I narrowed my gaze. “They’re not doing such a hot job lately,” I said. I knew Preacher had kin in Charleston, and some in Buford and Edisto. I did not know he had a rough gang of vampiric guardians acting in the same manner as the Duprés.
“All had been calm until the Arcoses were released,” Phin said, rubbing his hand over his hair. “I’m pretty sure the trouble’s being caused by newlings created by the brothers. And the ones they’ve created. It’s a snowball now.”
“I guess you’re right,” I said, although I didn’t agree with him on one brother. “Well, if they don’t get a grip soon, we’ll have to go whether they call us or not.” I stared hard at him. “I don’t like what I’m seeing, Phin. I don’t. And for the sake of sounding selfish, I’d really rather not be the eyeballs of a vicious killer. Know what I mean?”
Phin slipped off the counter and placed a hand on my shoulder. “I know, Ri. Hang in there. We’ll get through this.”

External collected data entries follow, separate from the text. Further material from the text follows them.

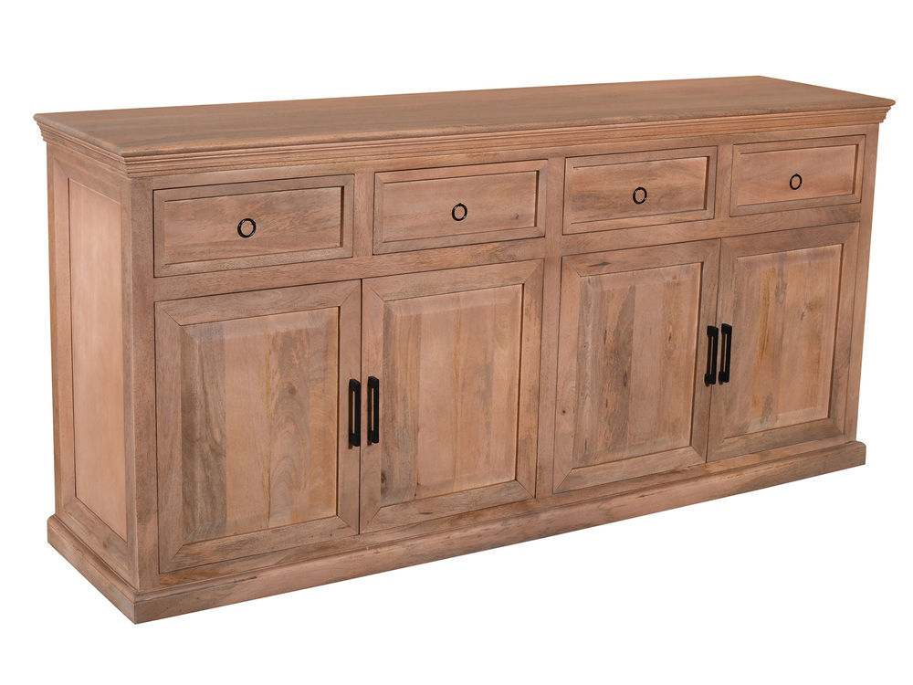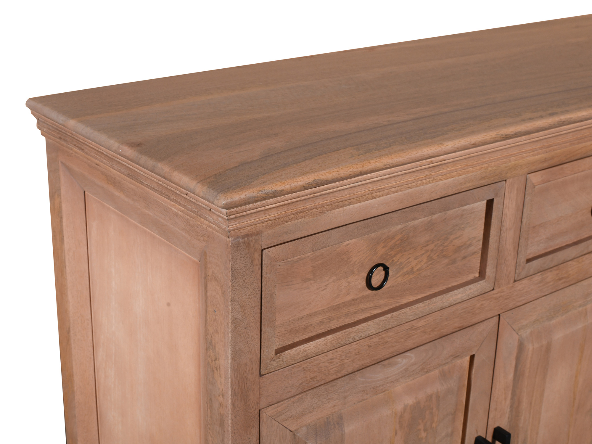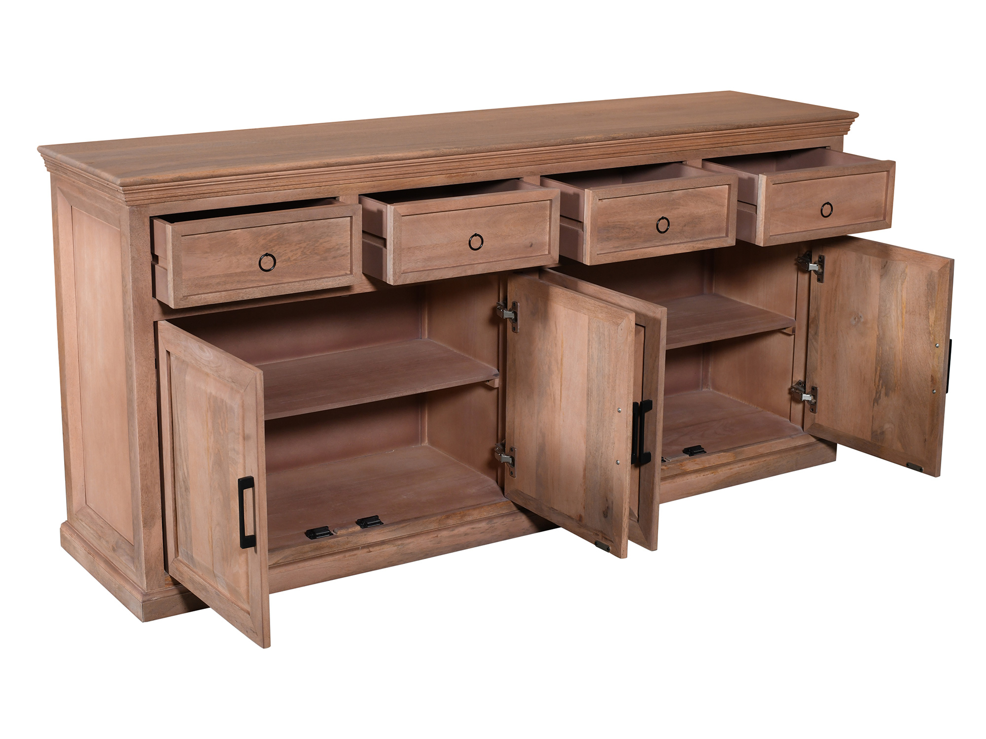 Avec ses 4 tiroirs pratiques et ses 4 portes généreuses, vous bénéficiez d’un vaste volume de rangement pour garder vos affaires bien organisées : vaisselle, livres ou textiles trouvent facilement leur place. La structure en acacia massif, renforcée par un replacage acacia massif sur MDF pour les intérieurs, garantit une solidité remarquable tout en mettant en valeur les nuances uniques du bois.
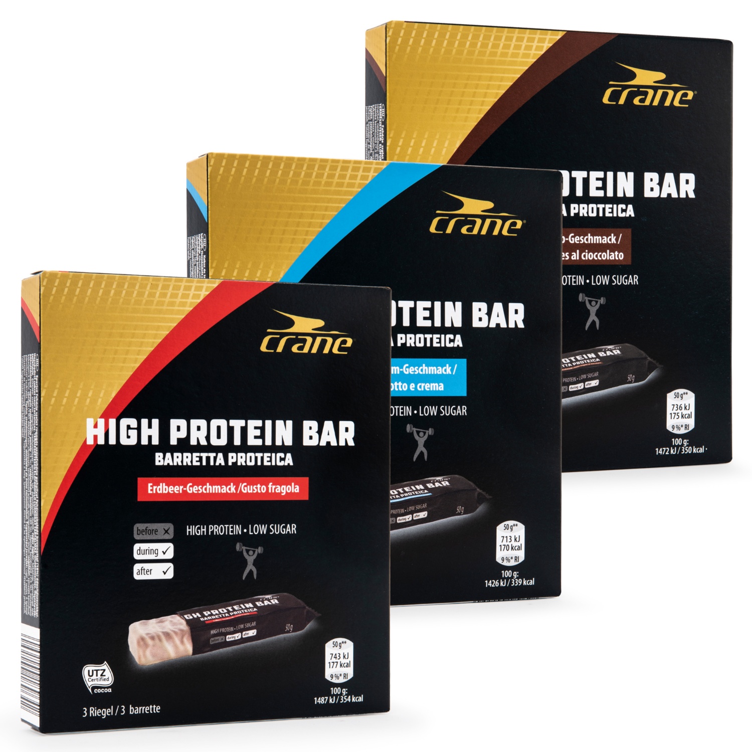 Protein Riegel mit 50% Eiweiß. Proteine tragen zu einer Zunahme an Muskelmasse sowie zur Erhaltung von Muskelmasse bei.* Low Sugar High Protein
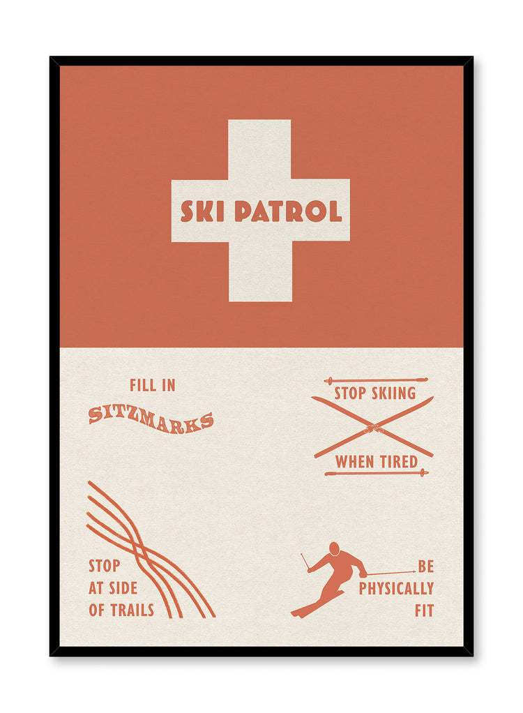 We're all about having fun on the slopes, as long as we can count on the 'Ski Patrol' to keep us safe! This vintage promotional poster features safe skiing rules and the words 'ski patrol' in the middle of the white cross of the red Switzerland flag.
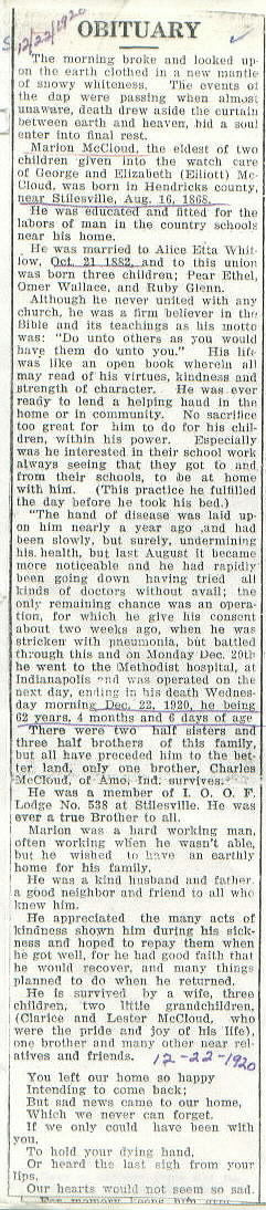 Survived By Wife; 3 children, Pearl Ethel, Omer Wallace, and Ruby Glenn; brother, Charles McCloud.
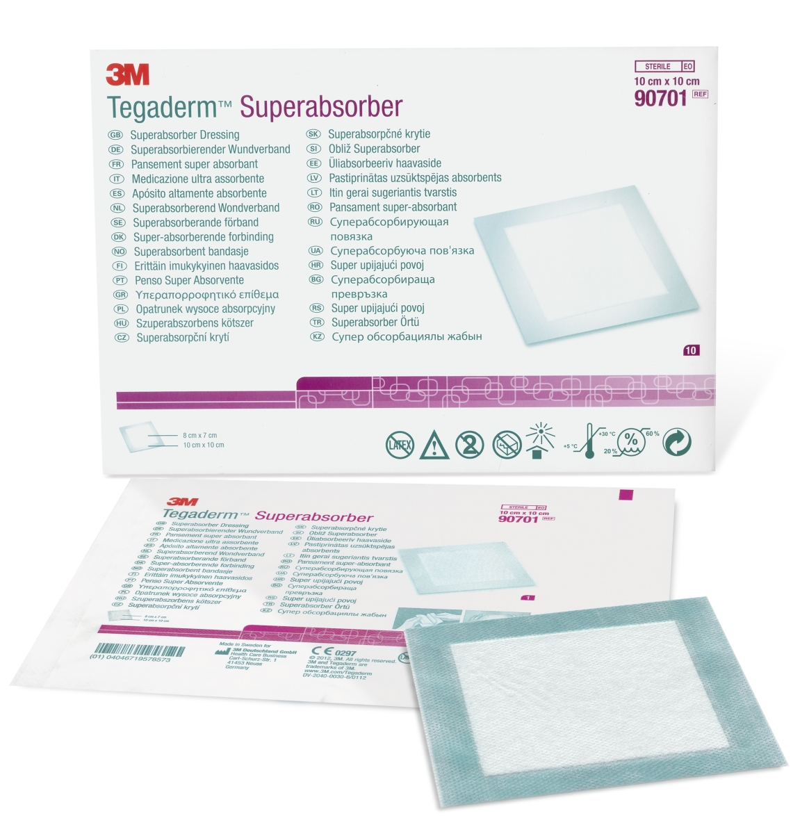 3M 97012110 White Tegaderm Superabsorber Dressing, 3.875 x 3.875 in. - Pack of 10
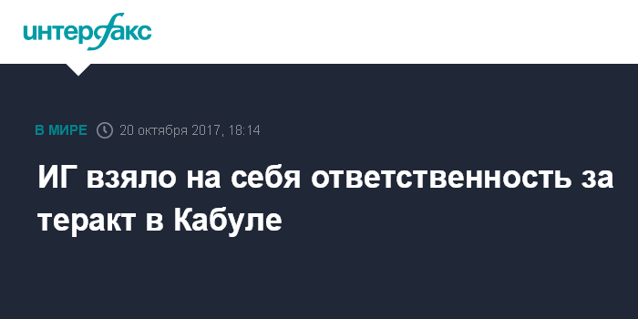 Москва. 20 октября. INTERFAX.RU - Террористическая группировка "Исламское государство" (ИГ, запрещена в РФ) взяла на себя ответственность за теракт в столице Афганистана Кабуле, который унес жизни по меньшей мере 30 человек, передает в пятницу иранский телеканал Press TV.
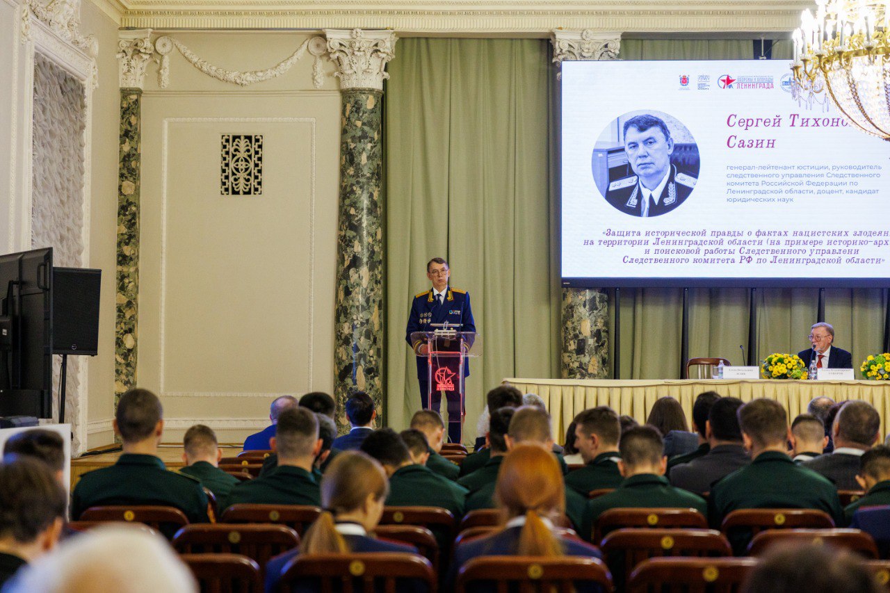 На пленарном заседании Сергей Тихонович Сазин выступил с докладом «Защита исторической правды о фактах нацистских злодеяний на территории Ленинградской области (на примере историко-архивной и поисковой работы Следственного управления Следственного комитета РФ по Ленинградской области». Он отметил, что сохранение исторической правды о подвиге предков, отстоявших свободу и независимость нашей Родины, является священным долгом для всех граждан России. Сергей Тихонович подчеркнул значимость поискового движения, которое открывает ранее неизвестные события и факты нашего общего прошлого. Он добавил, что одну из первостепенных ролей в проведении работ по установлению мест захоронений мирных жителей играют архивные документы и музейные предметы, содержащие сведения о фактах злодеяний немецко-фашистских захватчиков и их сообщников.
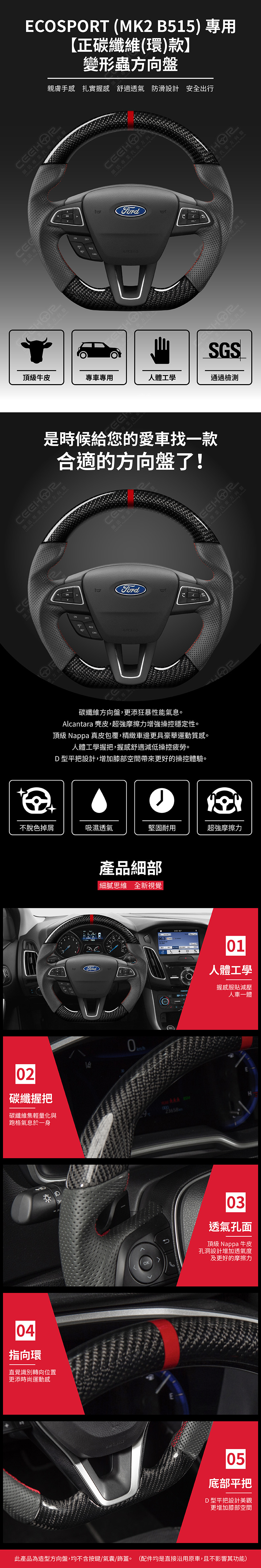 FORD 專用【正碳纖維(紅環)款】變形蟲方向盤 適用車款: Ecosport (2018-2023) MK2 B515 Ecosport ST-Line (2018-2023) MK2 B515 特別注意: 有預留撥片孔位,原車須有換檔撥片功能。 ◆此為台灣生產製造保固,非中國淘寶品◆ ◆產品不含按鍵、氣囊、飾蓋,均是沿用原車◆ ◆照片及顯示中可能會有色差,牛皮顏色為黑色◆ ◆牛皮有皺褶為正常現象,我們使用100%真皮而非人造皮◆ ◆若您不確定您車款是否適用,請務必先訊息聊聊◆ 購買前須知 ☚ 我們產品均提供客製顏色服務,歡迎加LINE聊聊 ☚ 除了造型前衛、更具運動風、更有質感之外, 加大跑車凸點、整體加粗,握感更好! 左右人體工學握把設計,駕駛時更加舒適。 底部平把設計,美觀外也更增加膝部空間。 方向盤背面增加指扣,操控時更得心應手。
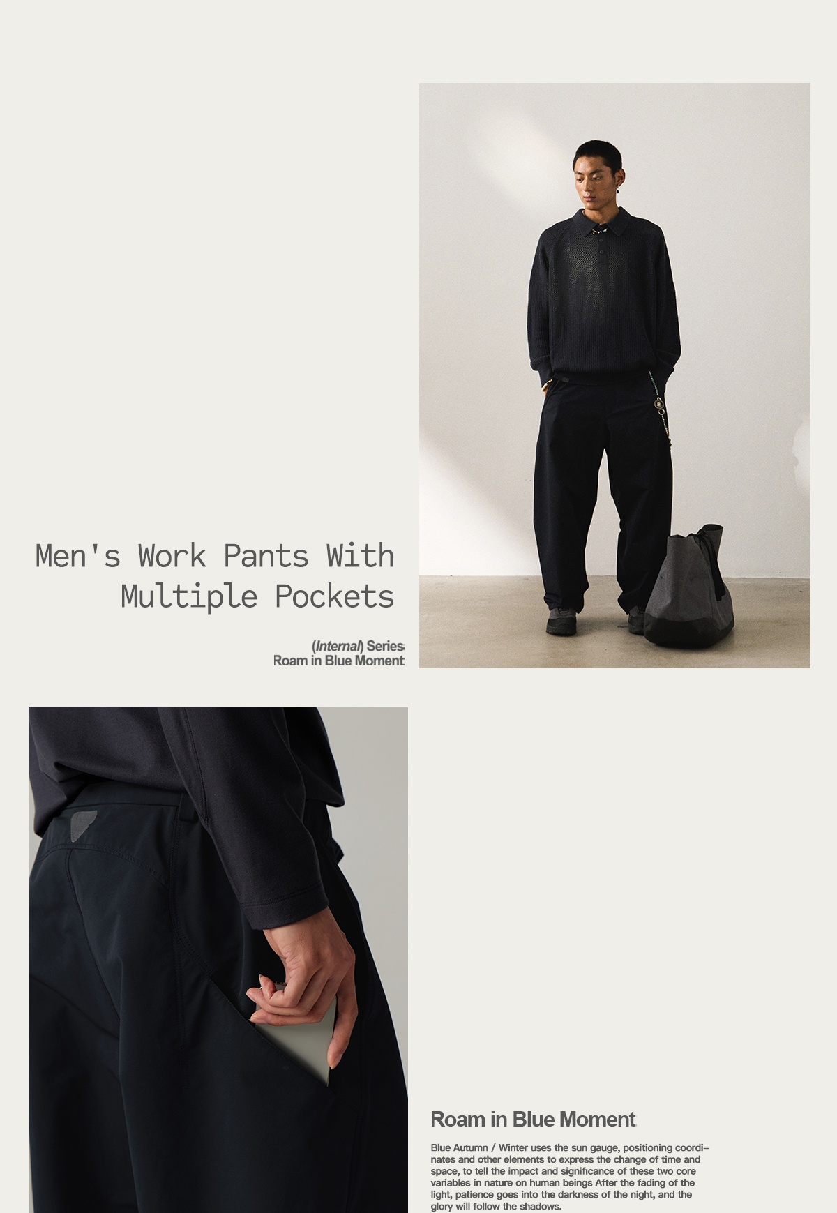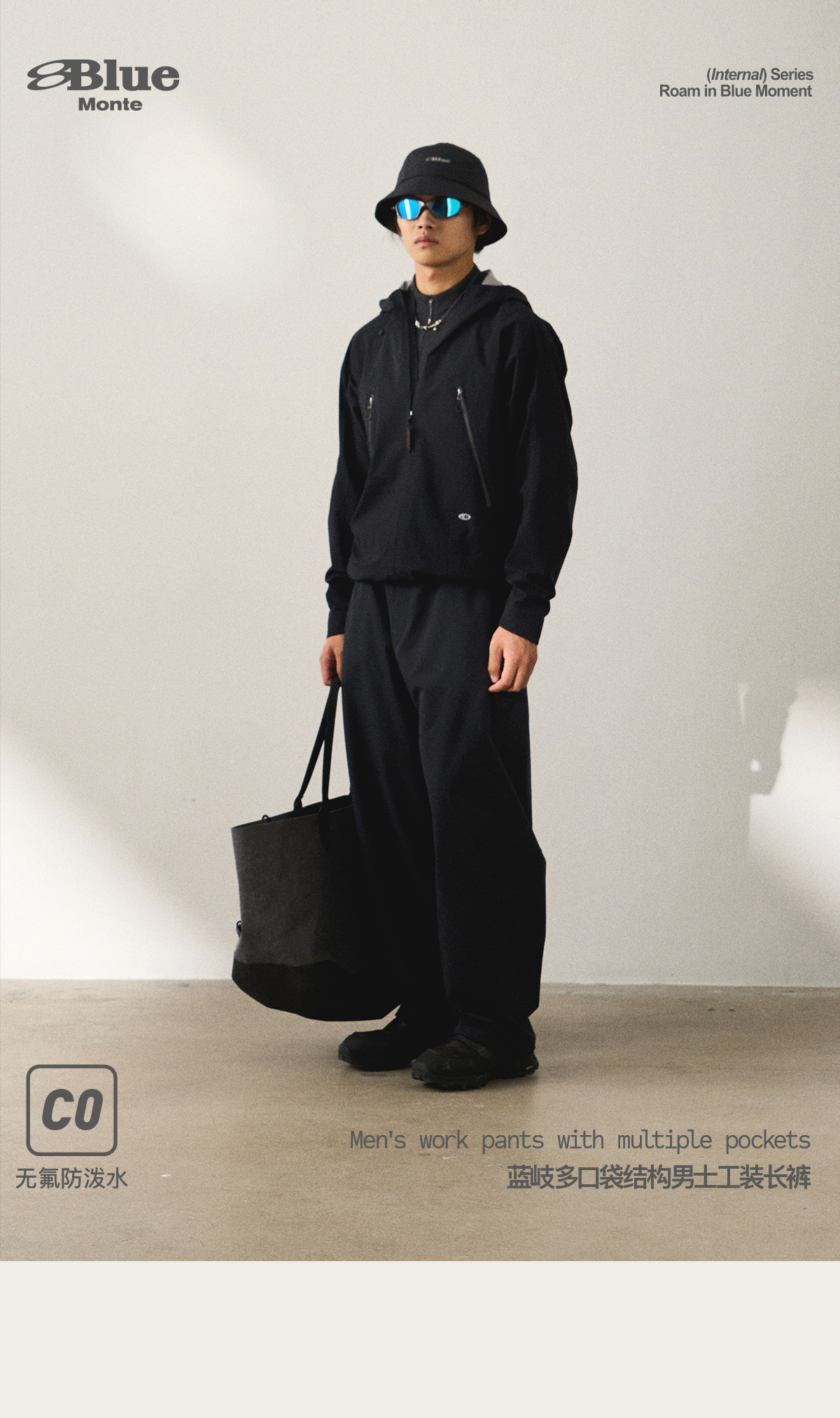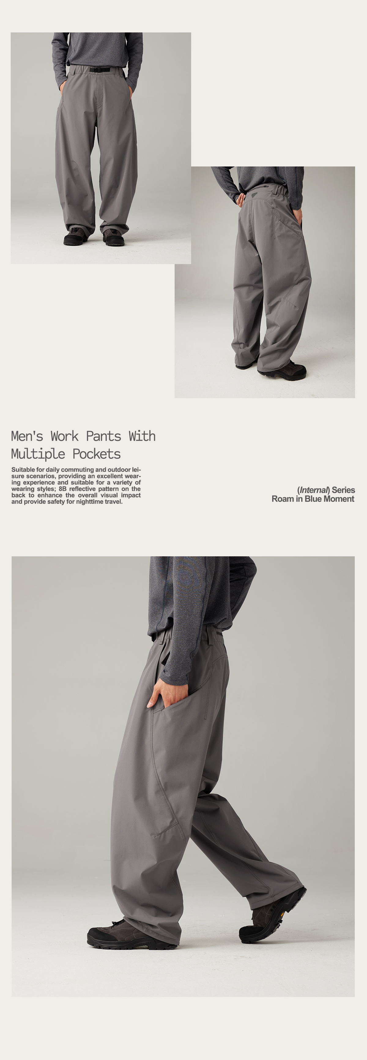 [Same Style as Ding Zhen] Blue Qi Fluorine-Free Water-Repellent Work Pants Geometric Split Casual Wide-Leg Scimitar Pants for Men

After dumping a few cups of Gullah tea in my system, I pulled on a pair of faded jeans, an Inksomnia T-shirt, and Vans, and I ran Chaz to the vet. The sweet dog was acting normal, but moving a little more slowly than usual. The vet checked him out and assured me he was okay, probably just a little sore, and to let Chaz monitor his own activity. I felt sure the main thought that ran through Chaz’s head as he whizzed through the air was What the hell? Since it was an old building, the drop hadn’t been as drastic as it could’ve been, but it made me sick to think of that bloodsucker throwing Chaz off the balcony.